Open-vocabulary (OV) 3D object detection is an emerging field, yet its exploration through image-based methods remains limited compared to 3D point cloud-based methods. We introduce OpenM3D, a novel open-vocabulary multi-view indoor 3D object detector trained without human annotations. In particular, OpenM3D is a single-stage detector adapting the 2D-induced voxel features from the ImGeoNet model. To support OV, it is jointly trained with a class-agnostic 3D localization loss requiring high-quality 3D pseudo boxes and a voxel-semantic alignment loss requiring diverse pre-trained CLIP features. We follow the training setting of OV-3DET where posed RGB-D images are given but no human annotations of 3D boxes or classes are available.

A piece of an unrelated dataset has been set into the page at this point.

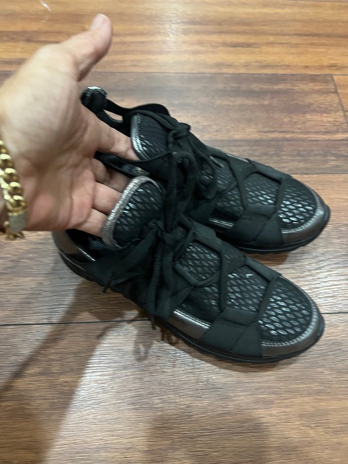 Yılan desenli, bağcıklı siyah platform topuklu spor ayakkabılar, goth tarzını athleisure rahatlığıyla birleştirir.

We propose a 3D Pseudo Box Generation method using a graph embedding technique that combines 2D segments into coherent 3D structures. Our pseudo-boxes achieve higher precision and recall than other methods, including the method proposed in OV-3DET. We further sample diverse CLIP features from 2D segments associated with each coherent 3D structure to align with the corresponding voxel feature. The key to training a highly accurate single-stage detector requires both losses to be learned toward high-quality targets. At inference, OpenM3D, a highly efficient detector, requires only multi-view images for input and demonstrates superior accuracy and speed (0.3 sec. per scene) on ScanNet200 and ARKitScenes indoor benchmarks compared to existing methods. We outperform a strong two-stage method that leverages our class-agnostic detector with a ViT CLIP-based OV classifier and a baseline incorporating multi-view depth estimator on both accuracy and speed.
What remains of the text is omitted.